Change from baseline is a particular bad metric for weight loss, since people lose weight in a way that is halfway between relative and absolute. Also, bad clinical outcomes are predicted by current weight, not recent weight change. So weight should be the outcome variable, adjusted for height and initial weight through covariates.
Yeah, my starting point is always to use ANCOVA. I’ve also argued the point about computing percentage change using the summary statistics, but I still have push back on that front too.
On the point of “why is this even an issue”, I’d guess you’d have to ask my colleague or even the majority of research teams in this area since it is so common.
I’m asking this question on this forum because I assumed there might be some information I’m missing. Based on the responses here I’d now assume there isn’t really a good statistical argument for using percentage change but it is probably reported the primary endpoint because of the FDA guidelines that were shared here (thank you @jesoje !)
I’ve been thinking about this exact issue for some time now as my background is initially as a clinician before gaining experience in applied statistics, and I’ve some to the same conclusion. This is simply a matter of precedent (by both the FDA and clinical practice) and there isn’t a good statistical reason for it as far as I can tell.
Interesting to consider how the Gell-Man Amnesia Effect might apply. We’re all aware how badly FDA can bollux up stuff (several of my own favorite examples here and here) within our field of expertise. But what if everything the gubmint does outside our fields of expertise is equally bonkers?
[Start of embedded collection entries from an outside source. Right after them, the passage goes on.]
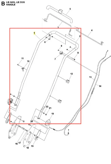 Uchwyt kosiarki LB 248S Husqvarna - oryginalny element firmy Husqvarna. Charakteryzuje się wysoką jakością i trwałością. Numer katalogowy: 582818102. Dokładne informacje o montażu znajdziesz w załączonym schemacie. Poniżej znajduje się lista modeli, w których ten element jest również wykorzystywany.
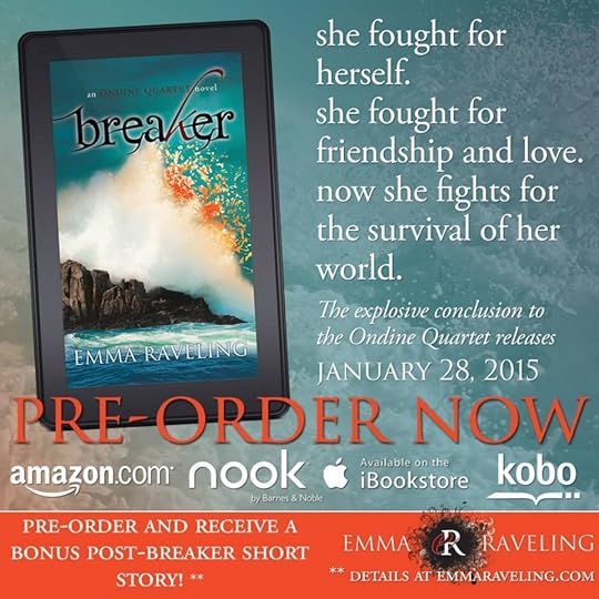 In Breaker, author Emma Raveling brings it and she brings it hard! Thrills, twists, startling revelations, heartbreak, romance, pain, sexy-times, gut wrenching grief, humor, simply beautiful words...Breaker has all this and more. This fourth and final book in the Ondine Quartet does not go out quietly, but ends with a bang, a boom, fireworks, and a thousand trumpets. This book resonates loudly, it sinks bone-deep; I can still feel its gorgeous echoes in my heart. I’ve said it before, but I’ll said again: Emma is a spectacular storyteller who spins endlessly enthralling tales and never disappoints me...Breaker is no exception.
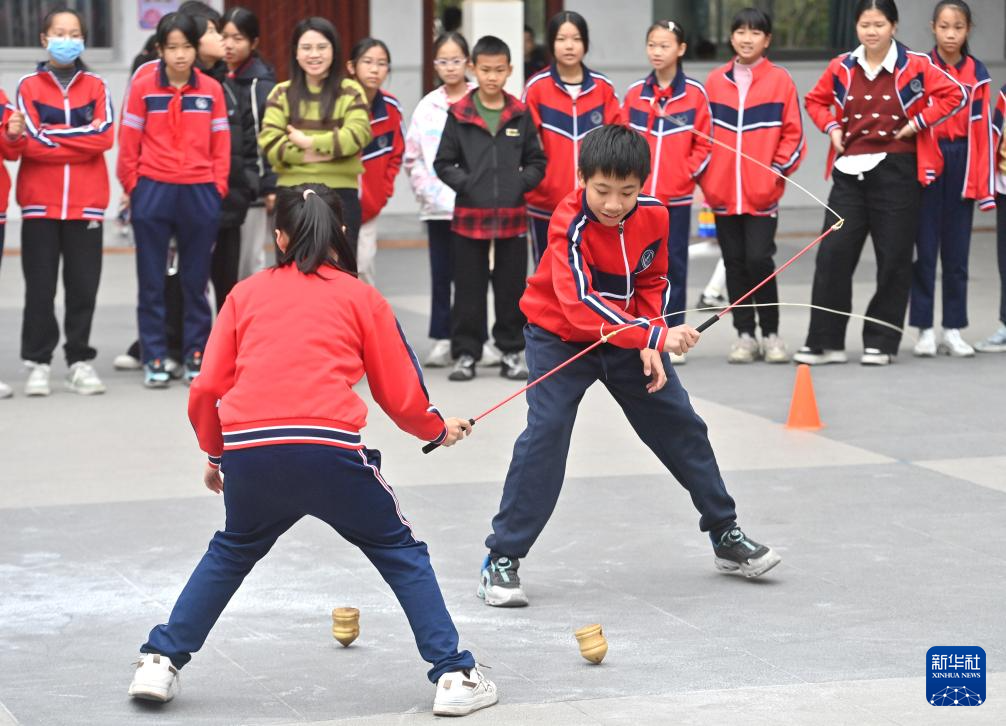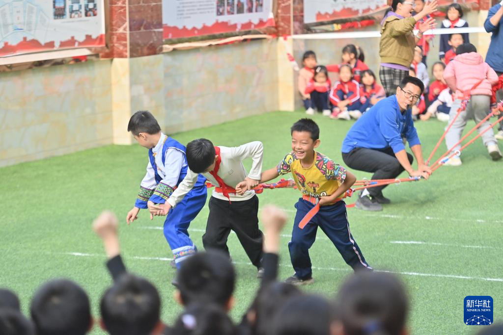 当日,广西梧州市新兴二路小学举行民族体育运动会,比赛设有抛绣球、大象拔河、陀螺、板鞋接力、竹竿舞、跳绳等十多个项目。学生们在运动会中尽享民族传统体育运动带来的快乐。

Are there published references on this approach? Asking because I’ve had colleagues question its validity even though I have demonstrated that one can easily convert the estimated treatment effect from an ANCOVA model into a percentage interpretation, and that this approach seems reliable when tested with various means and SDs via simulation. Whereas using a PCHG endpoint repeatedly showed poor performance and incorrect results. I feel that the approach using ANCOVA to arrive at a percentage interpretation is just simple math but surprisingly this may not seem the case, even to some statistician colleagues, unless I could demonstrate the approach is well documented in a textbook or publication. Any advice would be appreciated. Thank you.